Designing and verifying a NoC from the ground up can consume large amounts of time and resources. For example, Srivi Dhruvanarayan, who is VP of hardware engineering at SiMa.ai, was involved in developing such a NoC at his previous company. That project involved six to seven people architecting, designing and verifying the NoC, and this portion of the design took close to two years.
At SiMa.ai, the main thing the team wanted to focus on was the design of their MLA. Contrariwise, the last thing they wanted to do was to expend their valuable time and resources developing their own NoC. They needed a powerful, flexible and robust NoC that would allow them to seamlessly connect IP blocks with a variety of interfaces from many different sources. Srivi evaluated the market and, as he says, “quickly determined that FlexNoC from Arteris was the best solution out there.”
Architecting a device as complex as the MLSoC is a non-trivial task. Even when using a NoC, there are many possibilities with respect to how the IPs end up talking to each other. Should everything be presented as a single block? Should there be multiple blocks? Should the design be hierarchical? How should things be split up logically? How should things be organized physically? And, even when the functional design team thinks it has arrived at a solution, what happens when the physical design team comes back and says, “No, we can’t route this!” How does the functional design team set about trying something else? Fortunately, FlexNoC lived up to its name by providing the flexibility SiMa.ai required to allow them to explore the solution space and perform multiple design iterations. The ability to build multiple NoCs in a relatively short time, taking each of them through the entire design flow, was a huge advantage to homing in on an optimal solution.
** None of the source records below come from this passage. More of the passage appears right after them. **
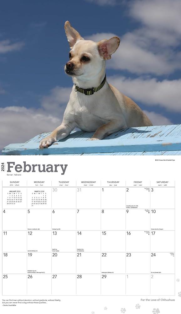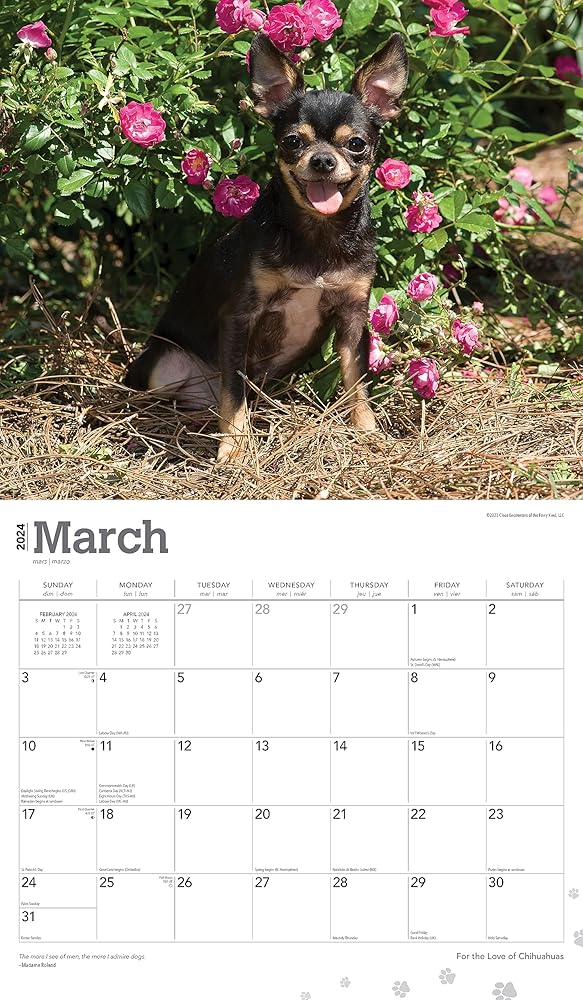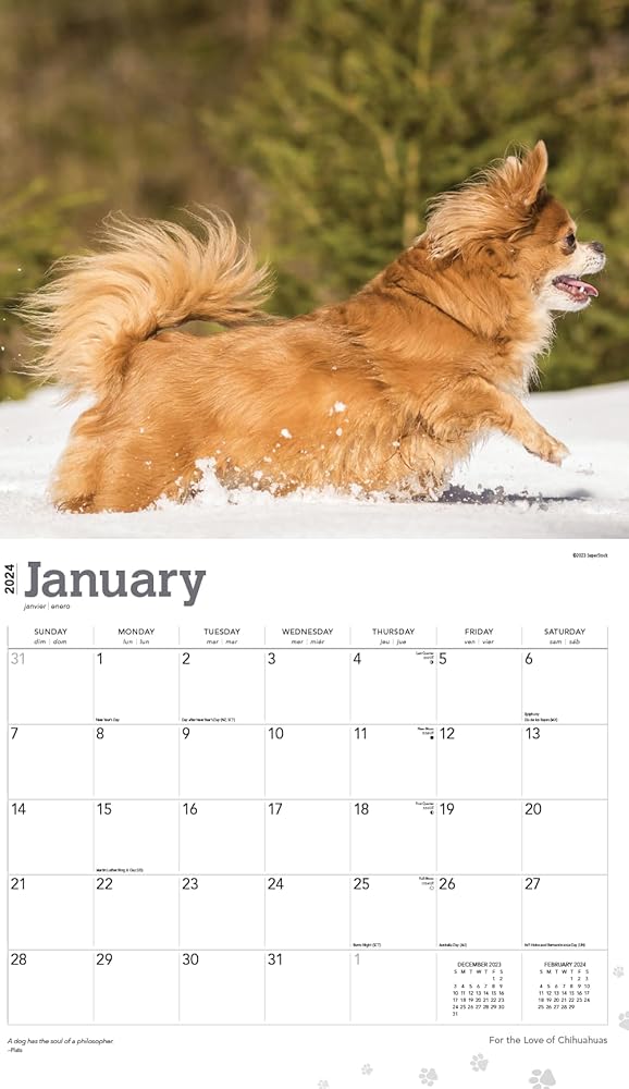 This 2024 Chihuahuas calendar is printed on premium heavyweight deluxe paper. Large grids to mark appointments and events. Observes major holidays and moon phases. This Chihuahuas 2024 wall calendar measures 12 x 12 inches closed and 12 x 24 inches opened.
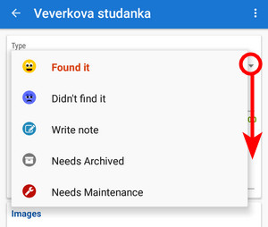 A folder with geocaches looks and offers the same controls as an ordinary point folder except a few more options:
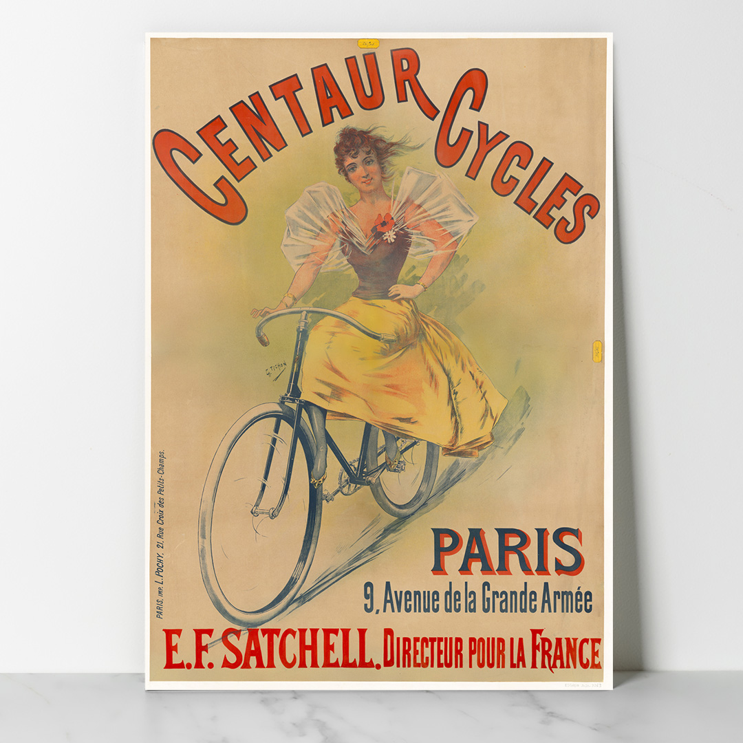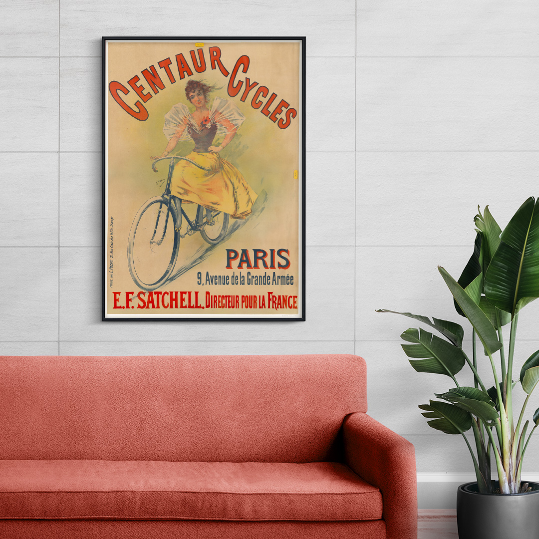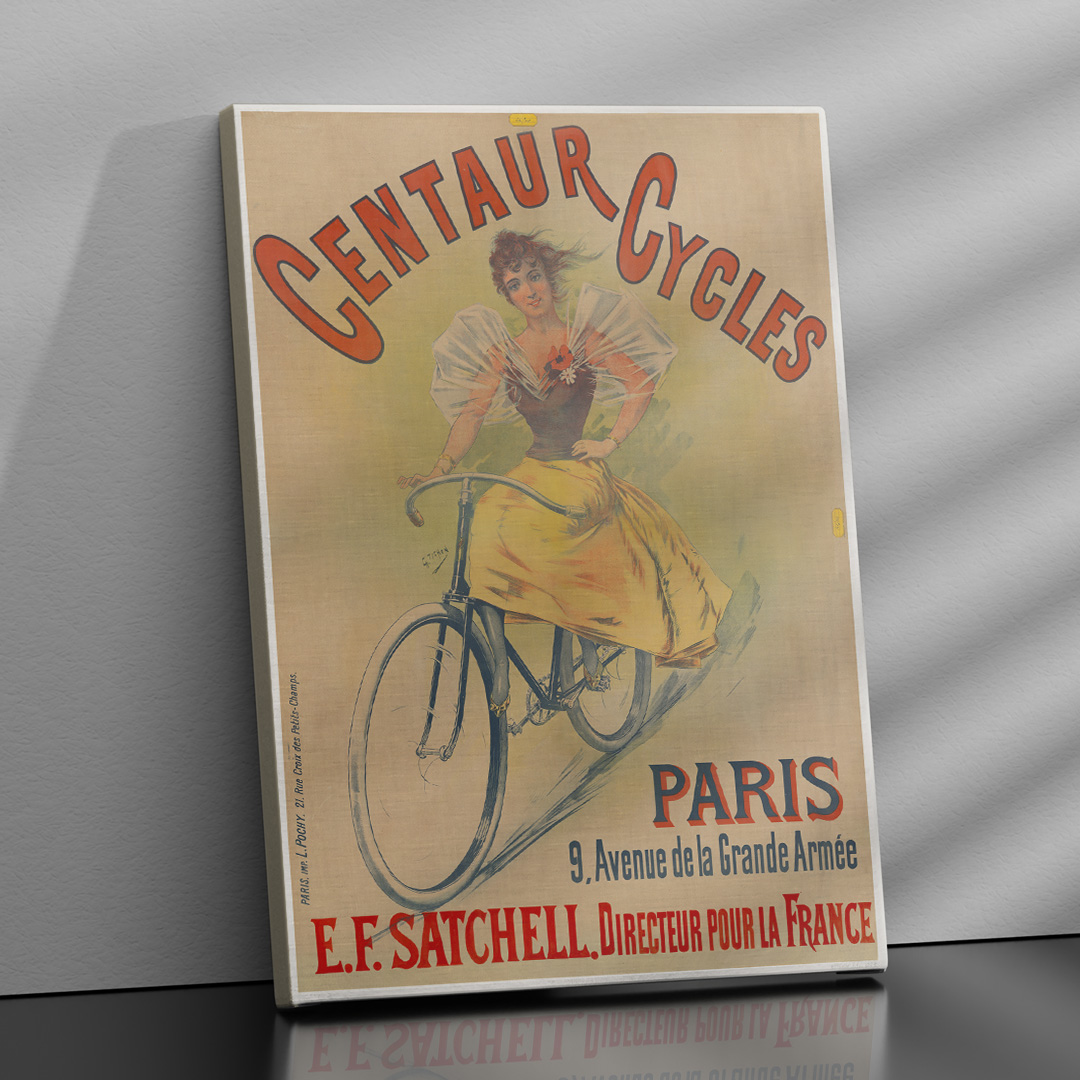 L’affiche vintage Centaur Cycles – Paris, 9, avenue de la Grande Armée (1898) est un exemple remarquable de la publicité du tournant du XXᵉ siècle. Elle met en scène une femme élégante sur un vélo, illustrant à la fois le style Art Nouveau et l’essor du cyclisme urbain à Paris. Le graphisme raffiné et les couleurs subtiles captent immédiatement le regard, transformant cette reproduction en un véritable objet décoratif et historique.
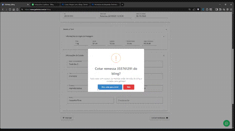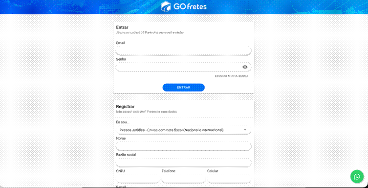 ⚠️ Ao lado das medidas, há um botão chamado “Obter cotação” — este é um botão nativo da plataforma e não é por aí que você terá a cotação GoFretes.
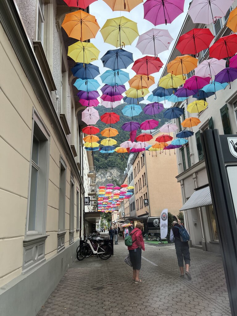 Marta took us on a hike alongside Lake Brienz, a gorgeous turquoise blue lake near Interlaken. Following the tour, we viewed a waterfall nearby. You could hike up and walk behind the falls. For the return to Interlaken, we took a tour boat. Various areas along the lake felt like we were in a rainforest, lunch greenery with moss and ferns. She shared the local history and geography as we hiked.
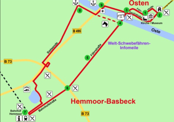 die Etappenziele an der Deutschen Fährstraße, unter anderem die historische Oste-Fähre in
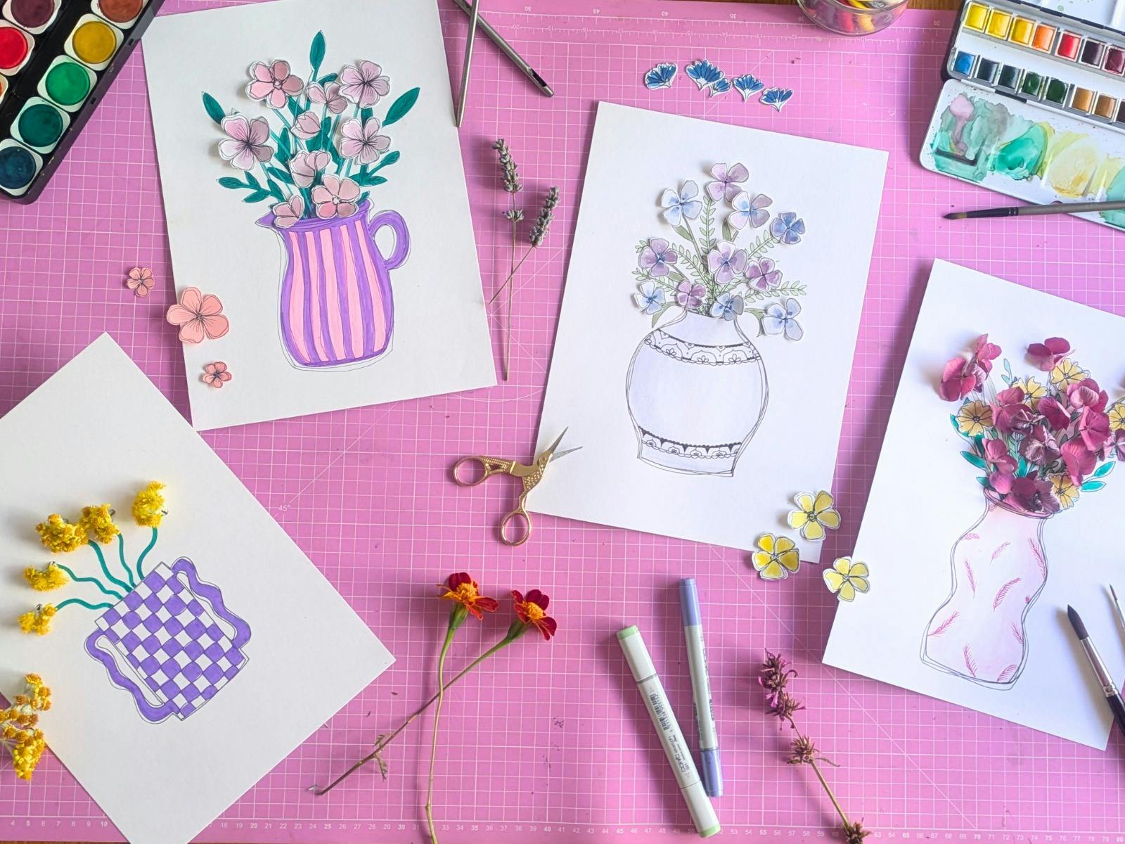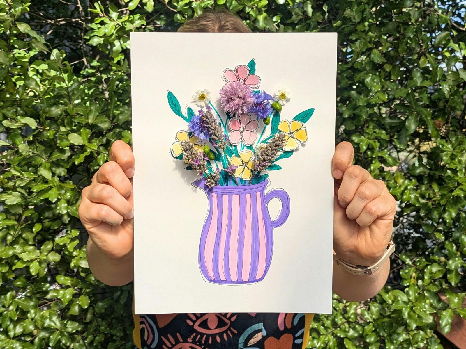 Learn beginner-friendly painting and drawing techniques to create mixed media artworks, incorporating real flowers you can pick yourself, if you like.

Another important consideration is the ability to perform performance analysis. It is one thing to connect all of the IP blocks, but it is also important to ensure the requisite bandwidths have been achieved. FlexNoC comes equipped with a performance analysis tool designers can leverage to determine if their various pipes and highways are big enough and fast enough.
“We anticipate ML at the embedded edge is going to be a 25 to 30 billion-dollar market in the next five to six years, so it was important for us to get things right the first time,” says Srivi. “I have to say that the customer support from Arteris has been excellent. The Arteris support team was always there to hold our hands when we needed them.”
It was push-button easy to generate the NoC with Arteris. It would have taken months or years without Arteris.
Srivi Dhruvanarayan
VP of Hardware Engineering, SiMa.ai
And what was the end result of all this effort? “Let me put it this way,” says Srivi, “We designed a really complicated SoCs in just over three years; we taped out in February 2022, and we received our first silicon in May 2022, all thanks to our amazing partners like Arm and Arteris. With zero bugs, we continued our march towards first-time-right success by going straight into production. Just six weeks after receiving first silicon, we were working in our customers’ labs running their end-to-end application pipelines and knocking their socks off with the 10X advantage we had promised to deliver. We’ve already started work on our next-generation device, and—with respect to the NoC—we didn’t even think of looking elsewhere because FlexNoC from Arteris was an automatic and obvious choice!”
We’ve already started work on our next-generation device, and—with respect to the NoC— we didn’t even think of looking elsewhere because FlexNoC from Arteris was an automatic and obvious choice!